Oleh sebab itu pasien diedukasi untuk masase bola mata dan diberikan
terapi tambahan untuk membantu menurunkan tekanan intraokular, yaitu
-blocker topikal dan asetazolamid tablet.
DAFTAR PUSTAKA

1. Skuta G, Cantor L, Weiss J. Glaucoma. Basic and Clinical Science Course.


American Academy of Ophthalmology. 2011-2012. Section 10. Page 142-144.
2. Kanski J, Bowling B. Iridocorneal Endothelial Syndrome. Clinical
Ophthalmology : a systematic Approach. 2011. Elsevier. 7 th edition. Page 368-
369.
3. Lazzara M, Tanna A. Iridocorneal Endothelial Syndrome : Keys to Diagnosis
and Management. Therapeutics Update. 2012. Page 53-56.

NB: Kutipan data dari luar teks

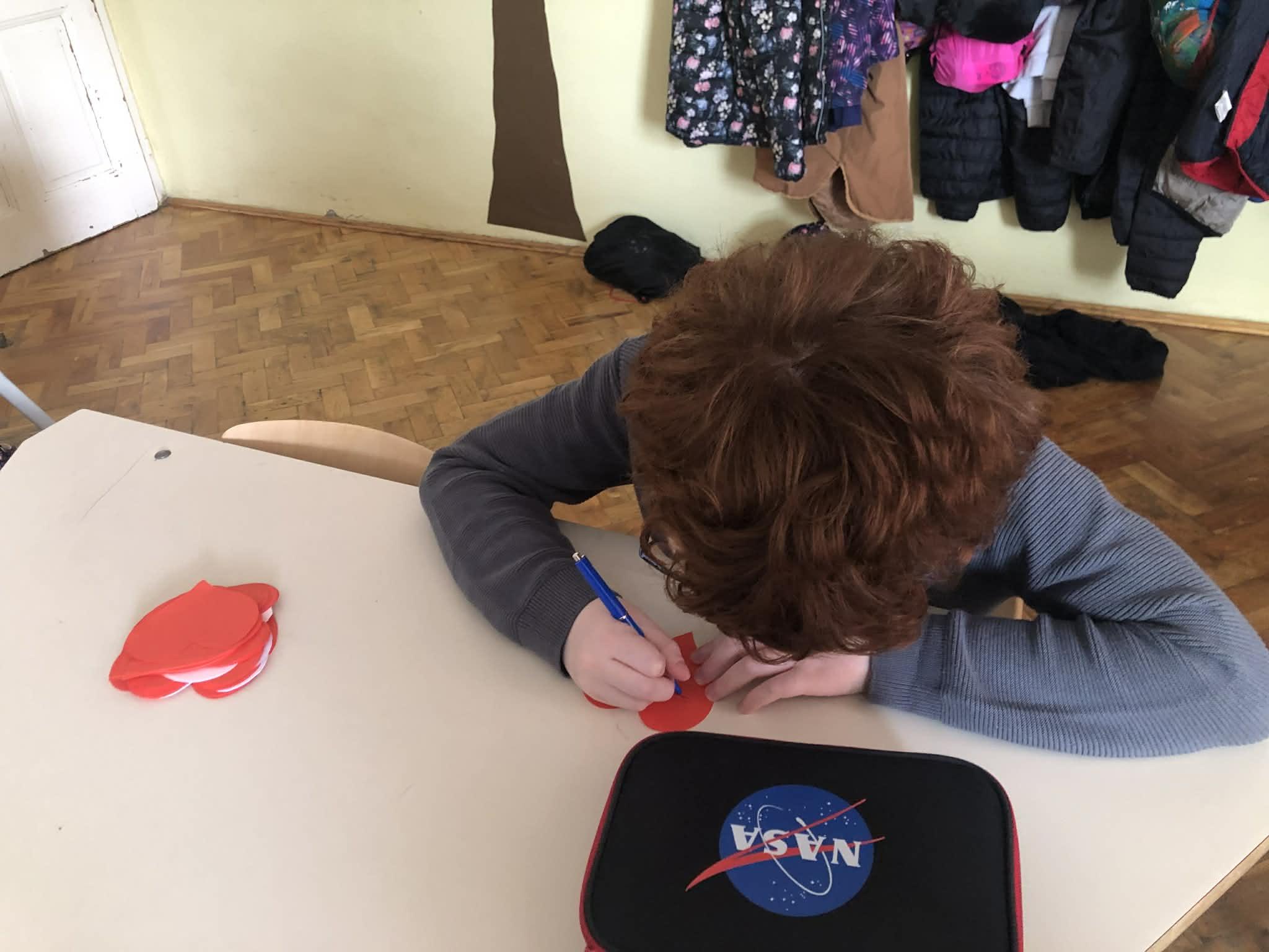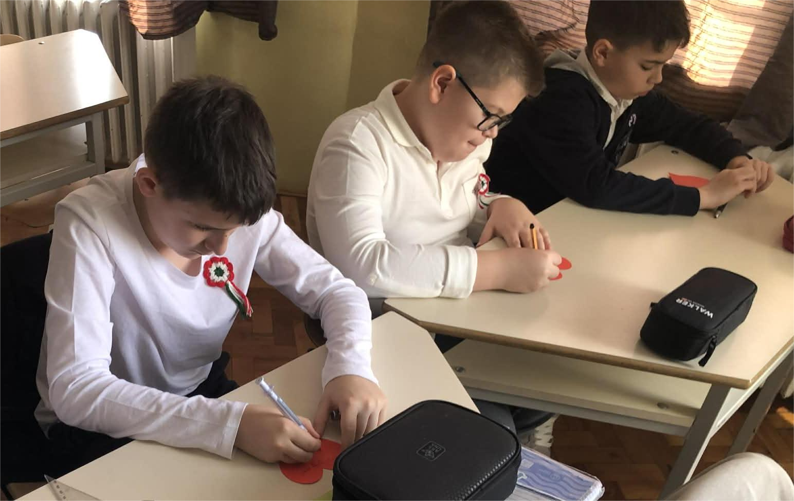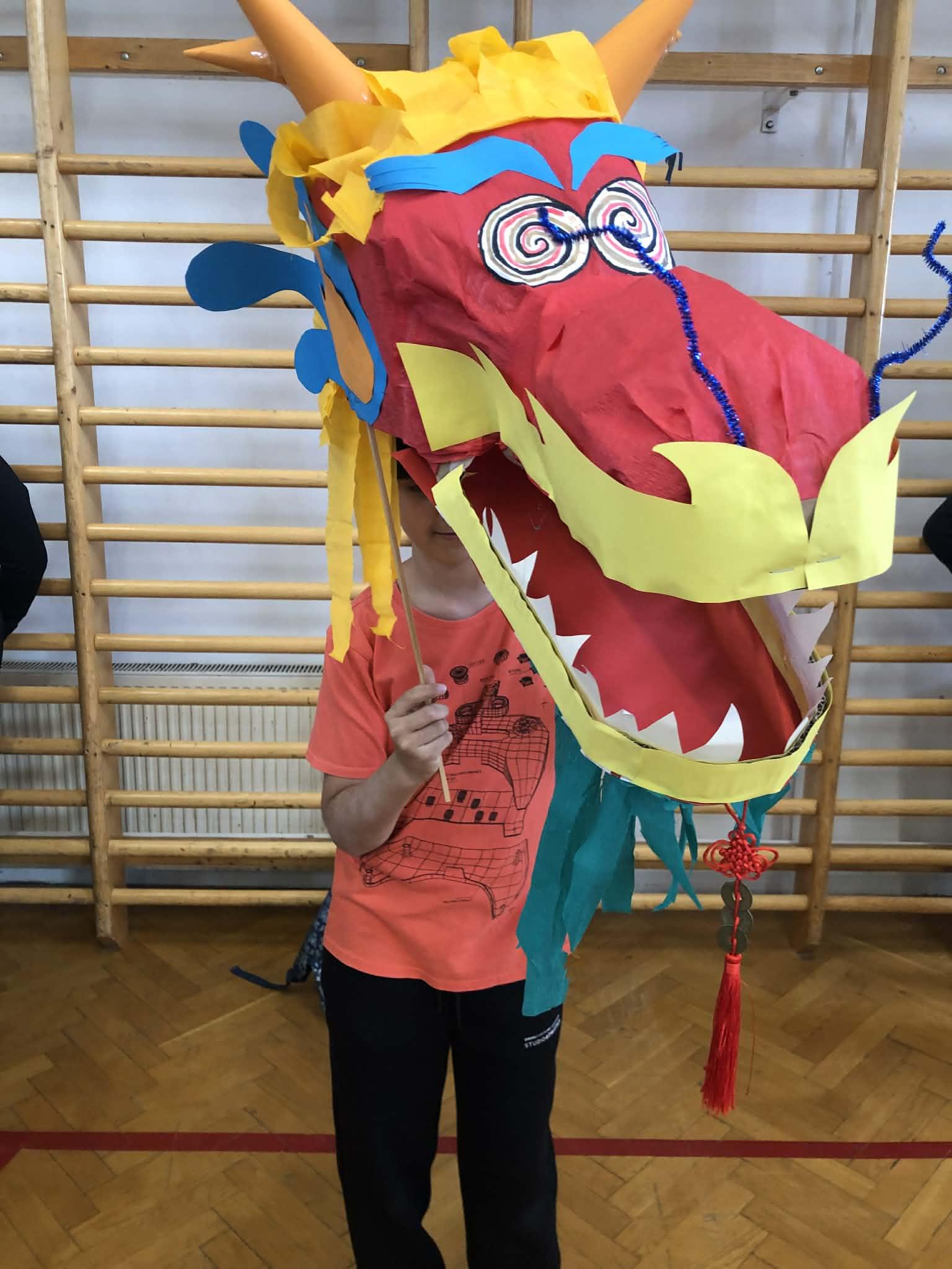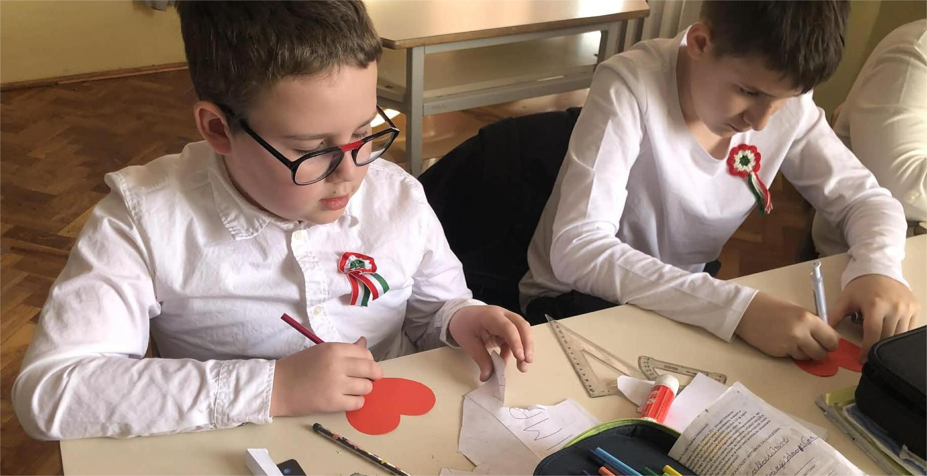5.F osztály – Bedéné Fodor Virág tanárnő: Az osztállyal a diáknapra, illetve a Boldogság Világnapjára is készültünk márciusban, így ezek a közösen végzett tevékenységek és készülődés jelentették azokat az örömteli pillanatokat, amelyekkel igyekeztünk az osztályközösséget összekovácsolni, erősíteni a társas kapcsolatainkat, megélni az apró örömöket a mindennapokban. Március 20-án, a Boldogság Világnapján, az előzetesen elkészített papír szívecskékkel egy nagy szívet formáltunk iskolánk aulájában a nagy szünetben. Iskolánk fecskéi meglepetésként és ajándékként lufikat kaptak a nagyobb gimis diákoktól a szünet végén. A nap zárásaképpen az elkészült szívecskéket mindenki oda adhatta ismerősének, családtagjának vagy éppen a városban ismeretlen embereknek, így szerezve kellemes pillanatokat ezen a különleges napon. A DÖK napra meglepetésként Németh Zente saját maga tervezte és készítette el papírból azt a sárkányfejet, amelyet az osztályprodukcióban láthattunk.

4. Iqbal S and Bindu N. Iridocorneal Endothelial Syndrome : a case report. 2014.
Page 352-3.
5. Alvarado JA, Underwood JL, Green WR. Detection of Herpes Simplex Viral
DNA in the Iridocorneal Syndrome. Arch Ophthalmology. 1994. 112(12).
1601-9.
6. Zang M, Chen M, Liang L. Ultrasound Biomicroscopy of Chinese Eyes with
Iridocorneal Endothelial Syndrome. Br Journal Ophthalmology. 2006. Page
64-69.
7. Laganowski HC, Sherrard ES, Muir MG, and Buckley RJ. Distinguishing
features of the iridocorneal endothelial syndrome and posterior polymorphous
dystrophy : value of endothelial specular microscopy. Br Journal
Ophthalmology. 2001. 75(4). Page 212-216.